A random snapshot of the table might look like:

duckdb> select * from sandbox limit 10;
┌───────────────────────────────────────┬───────┐
│ id ┆ value │
╞═══════════════════════════════════════╪═══════╡
│ 07f217c6-1c82-e1cb-6dd8-fc614ff1a6e3 ┆ 49 │
│ 83d35207-ac3f-b8a7-fd7e-c82e1bdc3b05 ┆ 10 │
│ 184a0e26-237f-915b-4d97-5dc1808d91df ┆ 37 │
└───────────────────────────────────────┴───────┘

Timestamp types

If your schema uses a timestamp type (timestamp, timestamp with time zone and friends), use serialize around your timestamp (Unix ms) to write it with a compatible type.
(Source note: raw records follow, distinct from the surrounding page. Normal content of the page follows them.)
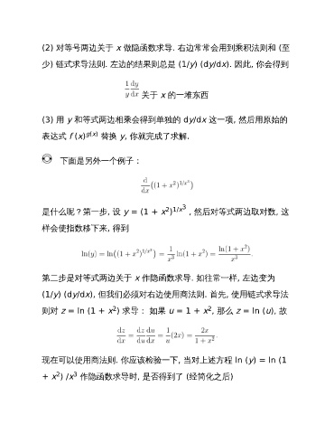 + x ) /x 作隐函数求导时, 是否得到了 (经简化之后)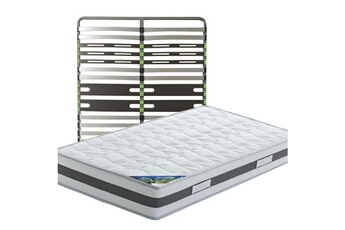 Ensemble composé d'un matelas seychelles 140x200 cm et d'un cadre à lattes altozone 140x200 cm. L... Couleur Dimensions : long: cm, larg: cm, haut: cm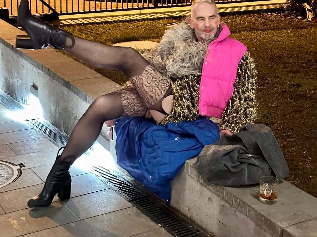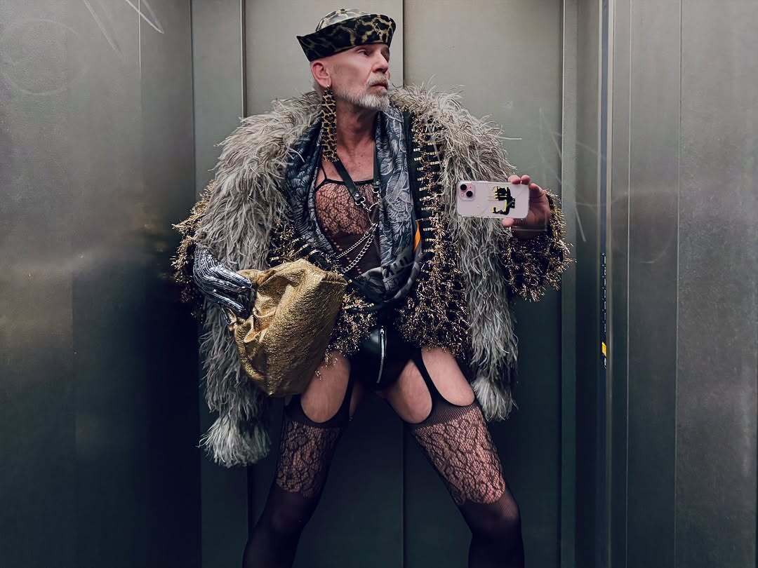 Немецкий стилист Франк Питер Уайлд в чулках и шубе посетил Молодой театр в Киеве

This works because MotherDuck is wire-compatible with Postgres.

The specific format of the timestamp will defer to the schema set in MotherDuck.

{
"table": "sandbox",
"row": {
"createdAt": {
"_gen": "now",
"serialize": {
"type": "postgresTimestamp"
}
}
}
}

Generating reads

To generate read events, mark the top-level generator with kind set to reader (generator kind is default set to writer, but it is explicitly shown here). Then set query to the SQL query you want to execute.

In this example, there are two generators.
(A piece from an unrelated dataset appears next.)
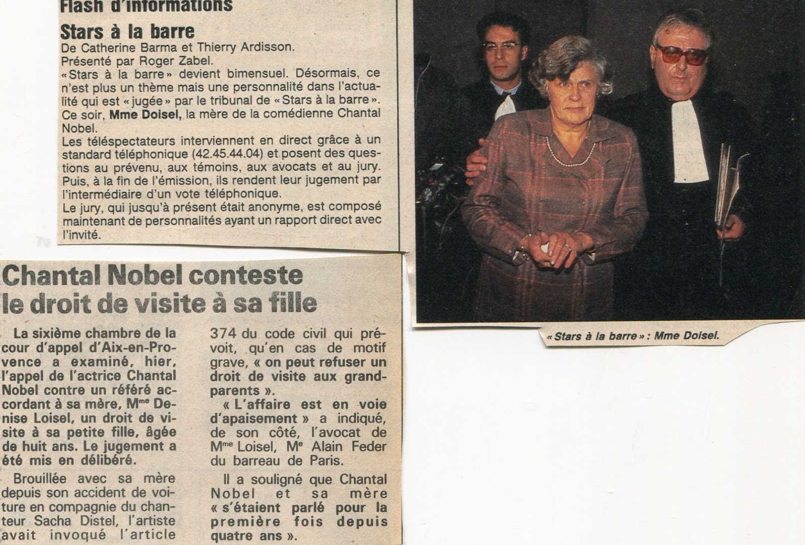 La version de Chantal Nobel divergeait de celle de Distel car elle affirma que la vitesse du véhicule était de 150. Compagne de Jacques-Henri Marin, dont elle a une fille : Alexandra, née en 1971 ; elle épouse ensuite Jean-Louis Julian, bijoutier à Saint-Tropez et Courchevel, avec qui elle vit.

  1. The first writes data to the table foo.
  2. The second looks up data previously written to foo and uses to run targeted SELECT queries against that same table. It uses interpolate to build the SQL strings.
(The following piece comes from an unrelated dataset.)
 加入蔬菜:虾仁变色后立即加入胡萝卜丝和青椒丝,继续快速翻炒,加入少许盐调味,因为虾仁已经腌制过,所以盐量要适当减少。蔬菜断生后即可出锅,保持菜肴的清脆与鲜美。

These two generators interleave, issuing a mix of read and write traffic to MotherDuck.

{
"generators": [
{
"kind": "writer",
"table": "foo",
"row": {
"bar": {
"_gen": "uuid"
}
}
},
{
"kind": "reader",
"query": {
"_gen": "interpolate",
"template": "SELECT * FROM foo WHERE bar=':id';",
"params": {
"id": {
"_gen": "lookup",
"table": "foo",
"path": [
"row",
"bar"
]
}
}
}
}
],
"connections": {
"md": {
"kind": "motherduck",
"connectionConfigs": {
"token": {
"_gen": "env",
"var": "MOTHERDUCK_TOKEN"
},
"db": "mydb"
}
}
}
}

Connection pooling

By default, each MotherDuck connection instance establishes one network connection to the database. You can increase this by setting poolSize, which will establish n unique connections (and sessions). ShadowTraffic will then emit events evenly across each connection in the pool. This is useful if you want stripe traffic across many nodes in a MotherDuck cluster from a single ShadowTraffic generator.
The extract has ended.